En día asoleado, tuvieron que partir a pie con escaso equipaje; los seguía como único acompañante fiel, un perro que era el primer discípulo ganado a la causa. Avisados en la oficina más próxima, por los empresarios del caserío, los colegas de profesión, los recibieron a pedradas, haciéndolos seguir más adelante.

Esta era la traición; lanzados de cara al desierto. ¡Qué fueran a redimir mujeres a los arenales y caliches solitarios! En los espejismos de la soledad, vieron muchas veces el mar, naves de blancas velas que los conducían a sitios hospitalarios, bosques y castillejos, ciudades con campanarios. Ya no escucharon el lejano silbato de los trenes, ni humos de chimeneas, ni explosiones de minas.
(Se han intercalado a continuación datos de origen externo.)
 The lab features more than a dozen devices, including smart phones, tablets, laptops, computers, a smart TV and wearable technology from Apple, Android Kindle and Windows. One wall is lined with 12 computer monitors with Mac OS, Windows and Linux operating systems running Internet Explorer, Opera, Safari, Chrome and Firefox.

Bajó sobre ellos la gran soledad de la naturaleza y comenzó a seguirlos de lejos, en puntillas, la muerte, pálida y fría como una camanchaca invisible.
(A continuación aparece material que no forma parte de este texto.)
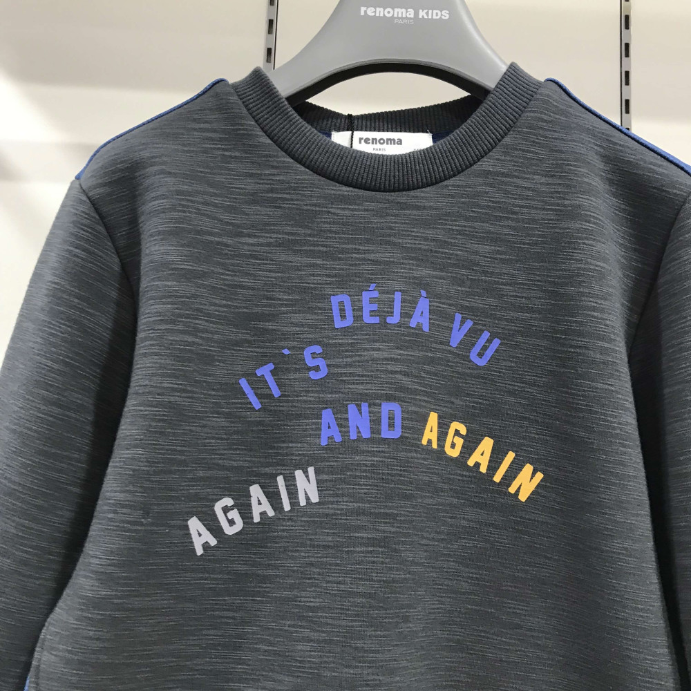 뒷부분에 배색 포인트가 들어가있는 남아용 맨투맨입니다.

Ya no era posible volver. El perro corría olfateando y regresaba con aullidos lastimeros. La antigua pampina tenía fe, no perdía la esperanza y continuaba exponiendo con simples palabras las líneas más simples de su cruzada. Seguiría contando su vida, como la había contado en Punta de Rieles. Le gritarían asesina, pero no importaba. Ya había alcanzado a ver ojos de hermanas de los cuales corrían lágrimas que desteñían el carmín de sus mejillas.

Parece que, en las torturas del hambre y de la sed cortaron los hilos del telégrafo. La gitana había muerto sonriente, recostada como para dormir sobre el paquete de su manta. El capellán, que tal vez adelantó algo más de camino, en compañía del perro, había caído más lejos, de cara al suelo, y tenía su libro en una mano.

Unos ingenieros encontraron los cadáveres, fueron identificados en la policía del cuerpo, y la brevísima investigación hecha trajo hasta la madre Cristina el lastimoso fin de «los saltimbanquis de la caridad», como los llamaba no sin profunda piedad y respeto por sus dos amigos locos.